In these cases, the counter-efficient pattern, with the short form where the referent is unpredictable, is impossible (*She i went to the river and the girl i looked for fish). That personal pronouns and other anaphoric forms are generally shorter than full nominals is not in doubt but is rarely highlighted, because linguists have not often considered coding length as an important concept for understanding morphosyntactic patterns. But in the present context, these considerations support the explanation of universal asymmetries in terms of coding efficiency and predictability. The causal chain sketched in (3) can thus be expanded into the chain in Figure 1, showing two distinct causes of predictability, but a uniform result of predictability.

Figure 1 The causal chain leading to shortness of coding.

9.3. What is the ultimate cause?

When presenting the frequency- and predictability-based explanation of coding asymmetries over the years, I have often heard the comment that frequency cannot be the ultimate cause of the cross-linguistic patterns. Frequency itself must be caused by something, and this is not represented in the causal chain in Figure 1. What is it that causes the higher frequency of use of singular as opposed to plural, of present tense as opposed to future tense, of affirmative as opposed to negative, and so on? What causes inanimate nominals to occur in P function more frequently than animate nominals? Maybe this factor, whatever it is, could independently cause both frequency/predictability and shortness of coding, so that the causal chain would be different – as in Figure 2, and not as in Figure 1.

Figure 2 An alternative conception of the causal chain.

This is a possibility that must be taken seriously, but it is quite unclear what this factor X might be. Mayerthaler (Reference Mayerthaler1981: 136–140) proposed that markedness causes both high frequency and shortness of coding, but ‘markedness reversals’ show that this cannot be the explanation (see Haspelmath Reference Haspelmath2006: 44), and it is completely unclear how the abstract feature of markedness would lead to greater frequency of use. I do not know of any other candidate for such a factor X, so I will not discuss this possibility further here.

Ultimately, we would of course like to know the causes of frequency asymmetries, but the causes seem to be quite diverse. For example, the greater frequency of present tense vs. future tense seems to have to do with what we know about the present and about the future: The future is much less certain, so we cannot talk much about it.

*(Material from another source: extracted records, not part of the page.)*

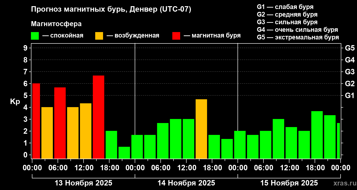 Прогноз магнитных бурь в Денвере на 13 ноября 2025 года
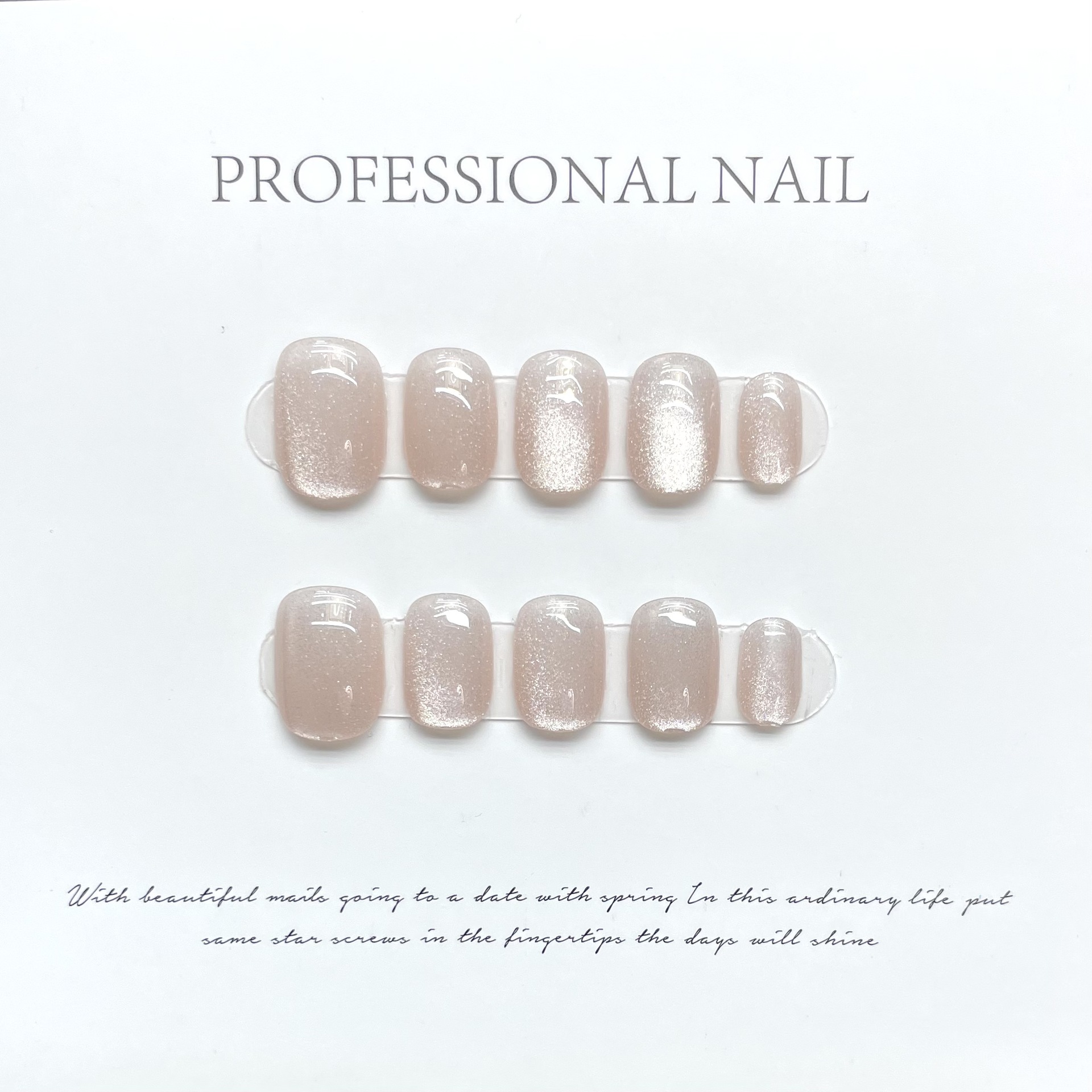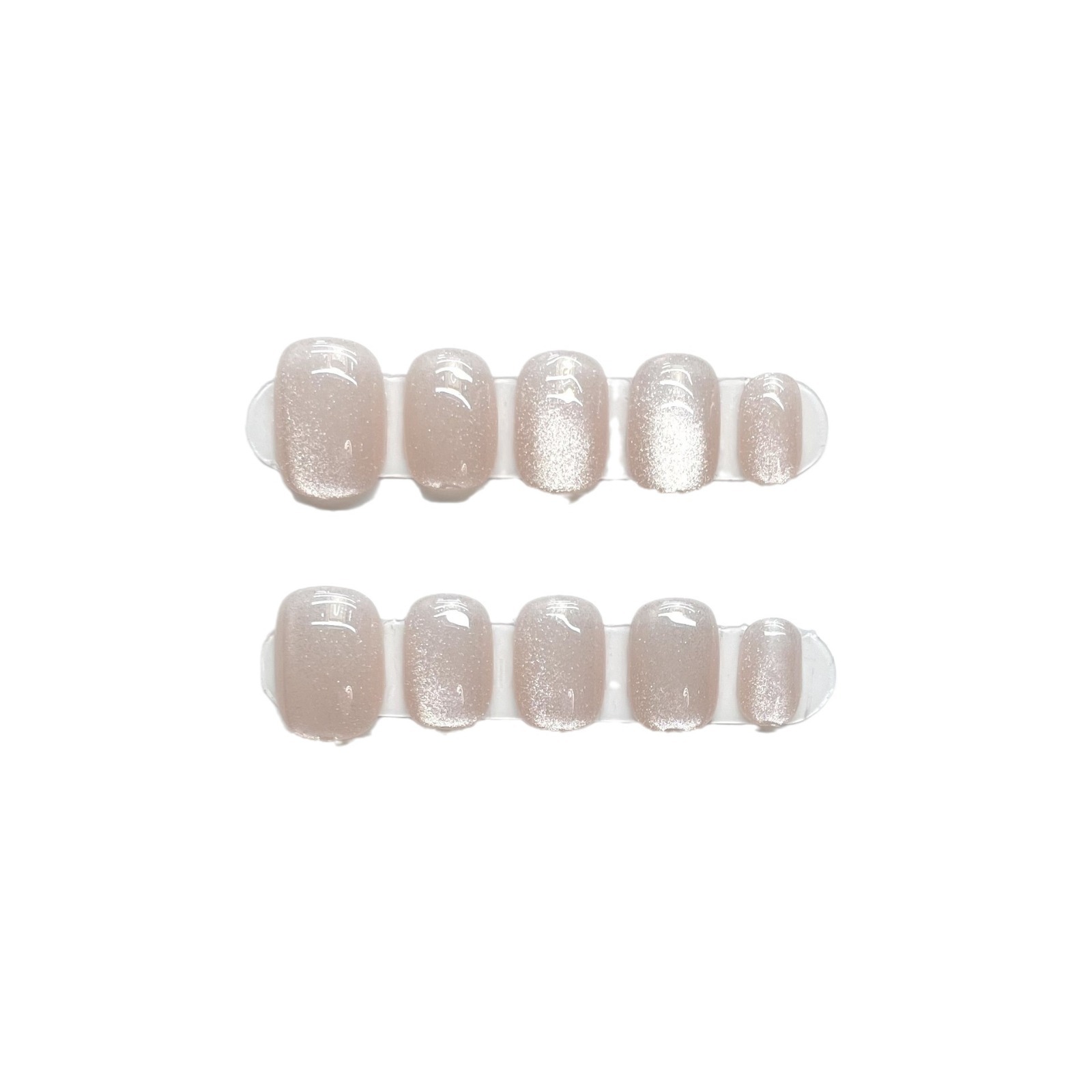 【原创实拍】冰沙猫眼穿戴甲晶石爆闪粉色高级感短款手工成品
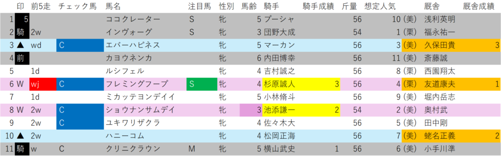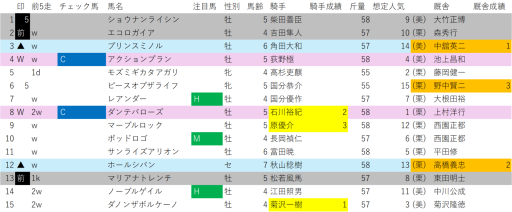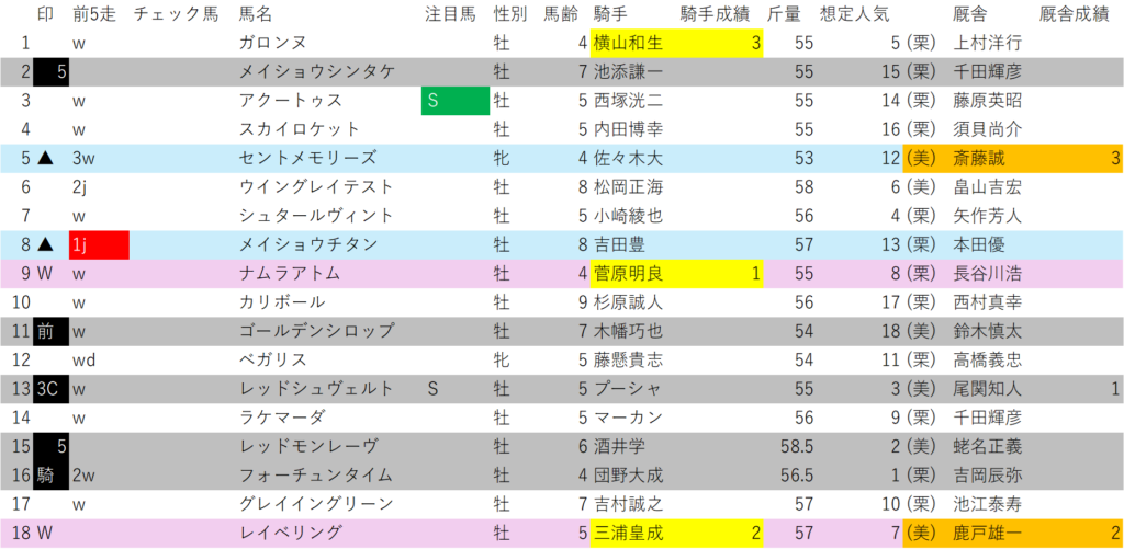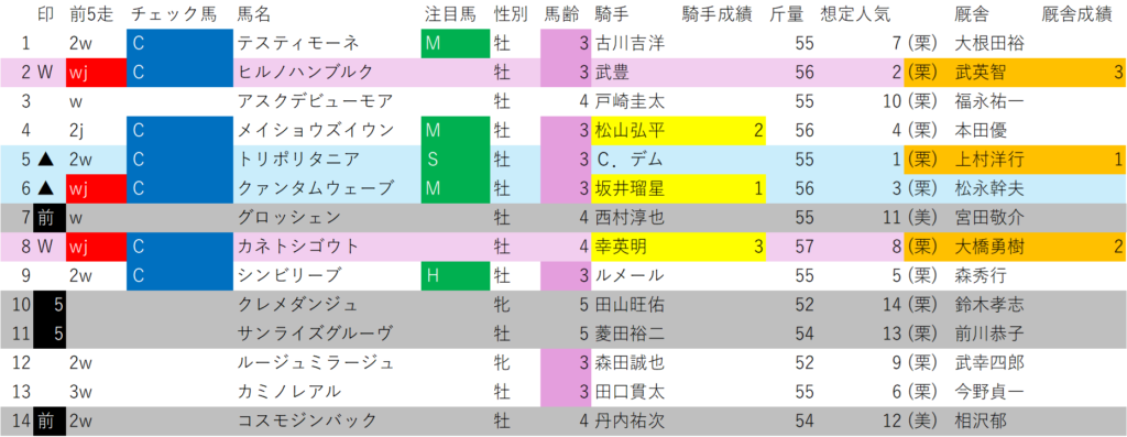 更にリステッドのハンデ戦、もうこれだけ聞いても、このレースかなりヤバい気がするのですが、それに加えチェック馬(前走単勝1番から2番人気、または前走同級馬券内)が不在の混戦のレース。

The greater frequency of male profession nouns vs. female profession nouns must have to do with frequency in the world: Male occupations are traditionally more diversified, so male profession nouns are (or were) used more frequently. But the greater frequency of singular vs. plural must have to do with our cognitive preferences – it cannot be due to the world (which does not contain more singular entities than pluralities) or to our knowledge of the world. It seems that we simply prefer to talk about individual entities.

In contrast to the diverse origins of the frequency asymmetries, their results are very uniform, and this is what the present paper aims to explain.

9.4. Ways of demonstrating the causal link

The focus of this paper has been on presenting a wide range of phenomena from the world’s languages, some of which have been studied extensively and are well known, highlighting that they are all special cases of the overarching form–frequency generalization of (2). I have also discussed a proposed causal link between frequency and asymmetric coding, in line with some earlier work. In this section, I will briefly consider two points of criticism that were raised by two reviewers.

On the one hand, one might ask what the evidence is that the disparate kinds of changes that I surveyed in Section 8 are indeed motivated by a preference for efficient coding. Cristofaro (Reference Cristofaro, Schmidtke-Bode, Levshina, Michaelis and Seržant2019: 27) thinks that ‘recurrent grammatical configurations do not appear to arise because of principles that that favor those particular configurations in themselves’. And indeed, historical linguists have often attributed diachronic changes to processes such as analogy, context-driven reinterpretation, metonymization, or grammaticalization, rather than to ‘efficientization’ processes. One might therefore say that the observed outcomes are not driven by functional adaptation, but by these classical processes and by the properties of the typical sources (Cristofaro Reference Cristofaro and Enfield2017 calls this the ‘source-oriented’ approach).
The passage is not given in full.